Тот отрицательно покачал головой и рассмеялся.
- Это запрещено. Каждый сам за себя, и если он еще раз упадет, то
подвергнется испытанию. Неужели ты сомневаешься в моем милосердии?
Блейд попробовал сплюнуть, но горло у него пересохло - последнюю порцию
воды он отдал Пелопсу. Жест, однако, выглядел достаточно красноречивым.
Экебус снова рассмеялся и, подозвав двух фадритов, что-то тихо приказал
им. Теперь эта пара постоянно держалась рядом, словно два волка,
подстерегающих усталую овцу. Стиснув зубы, разведчик запустил пальцы в
бороду, уже порядком отросшую, курчавую и всклокоченную, затем дернул цепь,
прикрепленную к наручникам Пелопса. Он должен довести его до Сармакида! В
том поединке, который они с Экебусом вели за жизнь этого малыша, каждый
глоток воды и каждая унция веса значили так много!
- Шагай! Ты должен идти, малыш! - рявкнул Блейд. - Все очень просто -
шаг, еще шаг и еще один. Думай только об этом. Когда соберешься падать,
предупреди меня.
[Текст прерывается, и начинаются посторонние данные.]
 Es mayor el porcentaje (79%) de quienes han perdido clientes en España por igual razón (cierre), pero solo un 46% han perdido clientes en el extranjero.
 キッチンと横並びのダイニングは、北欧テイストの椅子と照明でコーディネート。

Я помогу.
- О, великодушный сьон, - простонал Пелопс, - брось меня... Я не
заслужил такой заботы... Я умру здесь... смерть от копья лучше огненного
чрева Тора...
- Все равно я буду тебя тащить, - мрачно пообещал разведчик. - Я не
могу тебя оставить, малыш, других друзей у меня нет.
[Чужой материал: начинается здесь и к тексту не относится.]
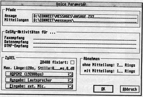 Zu Anfang müssen Sie einige Parameter einstellen. Dazu zählen der Aufnahme-und Abspielmodus des Zyxel. Hier gibt es drei Alternativen: Der ACPCM2-Modus ist ein guter Kompromiß zwischen Klangqualität und Speicherplatzverbrauch der Sprachdateien auf der Festplatte. Selektieren Sie ADPCM3, wird bei verbesserter Verständlichkeit der Sprachaufzeichnung die Kapazität des Speichermediums stärker belastet. Den CELP-Modus konnten wir nicht testen, weil er den Plus-Modellen des Zyxels Vorbehalten ist, die noch nicht verfügbar waren. Er verspricht bei stärkster Kompression weiter gesteigerte Klangqualität.
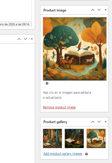 Únicamente subimos hasta la parte superior derecha, donde aparece la imagen principal del producto y pinchando sobre ésta, podemos modificarla y subir la que queramos para el producto .

Пелопс споткнулся, и он натянул цепь, не давая сармийцу свалиться на
землю. Наблюдатели, к счастью, были заняты; они по очереди прикладывались к
фляге с подозрительным содержимым и не смотрели по сторонам.
- У тебя есть Зена, - простонал Пелопс, судорожно ловя ртом горячий
воздух. - Хотя я не понимаю... - он замялся.
- Я тоже не понимаю, - согласился Блейд. - Что-то здесь не то.
Первый раз он вслух высказал свои подозрения, мучившие его с начала
похода. И с ним, и с Пелопсом обращались не лучше, чем с остальными рабами,
- а может, еще и хуже. - Да, вряд ли Зена сумела получить родительское
благословение на брак! Этот переход через степи и горы с рабским караваном
не слишком напоминал триумфальное шествие любимого королевского зятя. Что-то
не сработало. Вероятно, Зене не удалось добиться успеха - во всяком случае,
полного успеха. Разведчик вспомнил слова Экебуса, что его вызывают в столицу
по приказу тайрины. Именно тайрины! О Зене фадрант не упомянул ни словом.
И было ясно, что фадрант повинуется приказу с неохотой. Если с
чужеземным воином и его слугой что-нибудь случится в дороге, Экебус будет не
слишком огорчен. Блейд не сомневался, что хитроумный фадрант уже заготовил
какую-нибудь правдоподобную версию для тайрины.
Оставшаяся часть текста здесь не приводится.